Task to carry out - Without the images, write out the whole listing exactly.
________________________________________
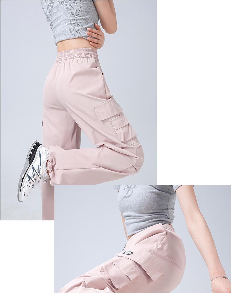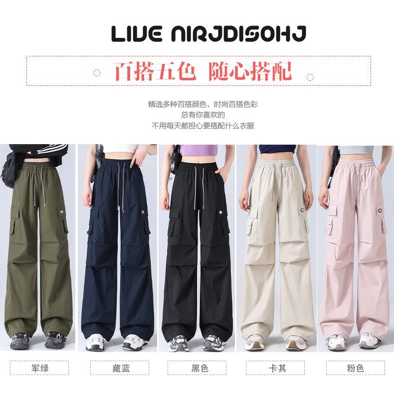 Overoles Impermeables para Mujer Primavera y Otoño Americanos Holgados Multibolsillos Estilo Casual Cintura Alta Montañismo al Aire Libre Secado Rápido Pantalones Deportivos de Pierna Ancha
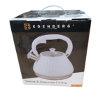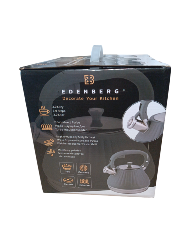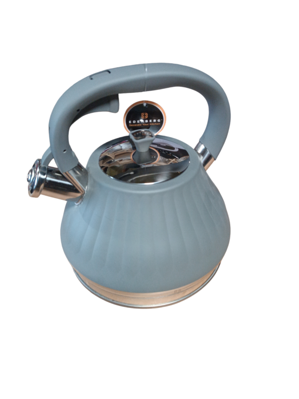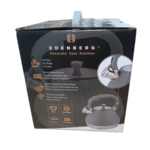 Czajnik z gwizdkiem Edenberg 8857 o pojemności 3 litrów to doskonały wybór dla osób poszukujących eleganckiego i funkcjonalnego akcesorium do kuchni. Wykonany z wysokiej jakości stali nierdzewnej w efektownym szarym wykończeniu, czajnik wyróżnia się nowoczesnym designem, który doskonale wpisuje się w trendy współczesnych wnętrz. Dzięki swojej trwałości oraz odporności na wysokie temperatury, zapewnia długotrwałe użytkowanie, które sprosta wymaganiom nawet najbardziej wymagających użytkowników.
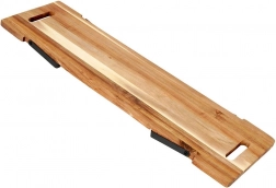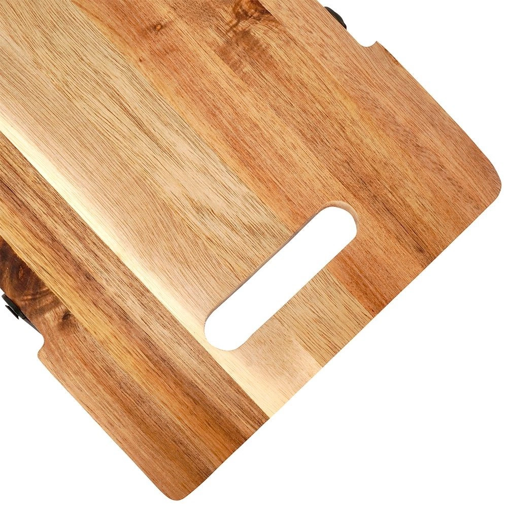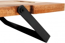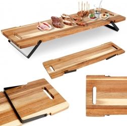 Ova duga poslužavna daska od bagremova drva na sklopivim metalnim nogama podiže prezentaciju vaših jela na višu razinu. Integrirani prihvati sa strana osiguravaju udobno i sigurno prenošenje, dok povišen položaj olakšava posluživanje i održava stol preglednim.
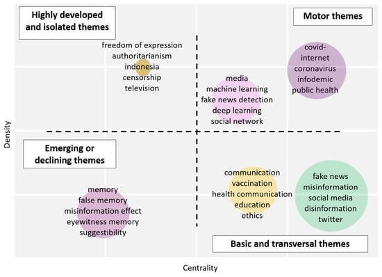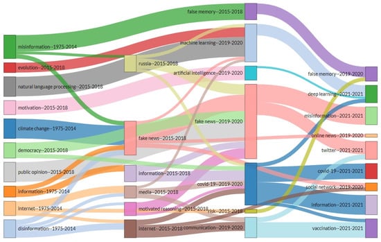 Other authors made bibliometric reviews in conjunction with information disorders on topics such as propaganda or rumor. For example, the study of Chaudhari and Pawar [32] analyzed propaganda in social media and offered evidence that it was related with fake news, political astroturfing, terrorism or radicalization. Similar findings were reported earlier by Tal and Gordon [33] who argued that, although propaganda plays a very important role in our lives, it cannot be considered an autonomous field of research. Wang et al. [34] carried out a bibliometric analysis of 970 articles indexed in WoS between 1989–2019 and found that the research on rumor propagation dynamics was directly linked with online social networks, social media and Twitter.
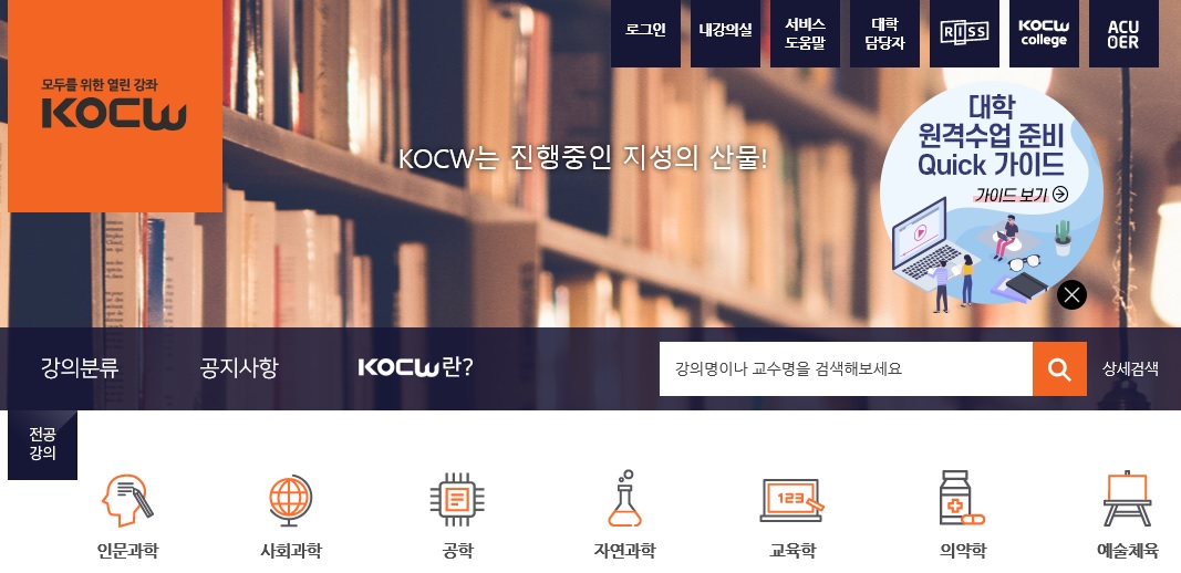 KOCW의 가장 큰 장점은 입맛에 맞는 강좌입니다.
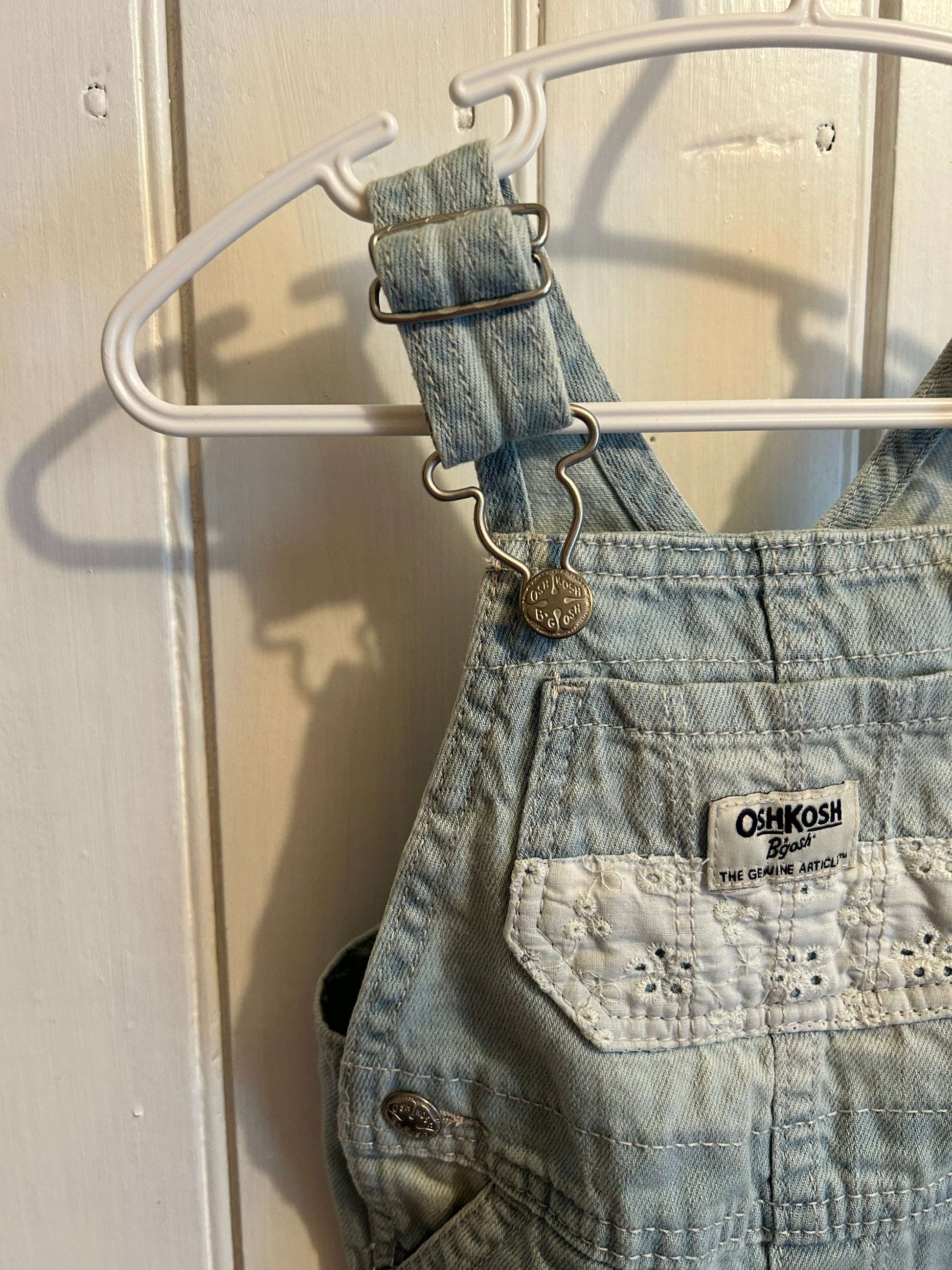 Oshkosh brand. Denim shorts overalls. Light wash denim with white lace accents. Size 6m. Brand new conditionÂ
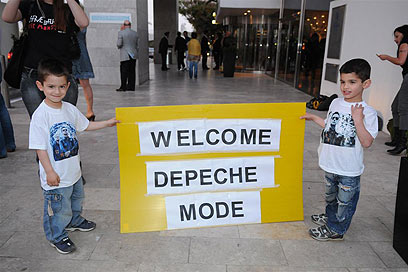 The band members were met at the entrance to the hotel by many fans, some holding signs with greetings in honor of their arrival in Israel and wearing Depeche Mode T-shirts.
________________________________________
Solved exercise -
 Overoles Impermeables para Mujer Primavera y Otoño Americanos Holgados Multibolsillos Estilo Casual Cintura Alta Montañismo al Aire Libre Secado Rápido Pantalones Deportivos de Pierna Ancha
 Czajnik z gwizdkiem Edenberg 8857 o pojemności 3 litrów to doskonały wybór dla osób poszukujących eleganckiego i funkcjonalnego akcesorium do kuchni. Wykonany z wysokiej jakości stali nierdzewnej w efektownym szarym wykończeniu, czajnik wyróżnia się nowoczesnym designem, który doskonale wpisuje się w trendy współczesnych wnętrz. Dzięki swojej trwałości oraz odporności na wysokie temperatury, zapewnia długotrwałe użytkowanie, które sprosta wymaganiom nawet najbardziej wymagających użytkowników.
 Ova duga poslužavna daska od bagremova drva na sklopivim metalnim nogama podiže prezentaciju vaših jela na višu razinu. Integrirani prihvati sa strana osiguravaju udobno i sigurno prenošenje, dok povišen položaj olakšava posluživanje i održava stol preglednim.
 Other authors made bibliometric reviews in conjunction with information disorders on topics such as propaganda or rumor. For example, the study of Chaudhari and Pawar [32] analyzed propaganda in social media and offered evidence that it was related with fake news, political astroturfing, terrorism or radicalization. Similar findings were reported earlier by Tal and Gordon [33] who argued that, although propaganda plays a very important role in our lives, it cannot be considered an autonomous field of research. Wang et al. [34] carried out a bibliometric analysis of 970 articles indexed in WoS between 1989–2019 and found that the research on rumor propagation dynamics was directly linked with online social networks, social media and Twitter.
 KOCW의 가장 큰 장점은 입맛에 맞는 강좌입니다.
 Oshkosh brand. Denim shorts overalls. Light wash denim with white lace accents. Size 6m. Brand new conditionÂ
 The band members were met at the entrance to the hotel by many fans, some holding signs with greetings in honor of their arrival in Israel and wearing Depeche Mode T-shirts.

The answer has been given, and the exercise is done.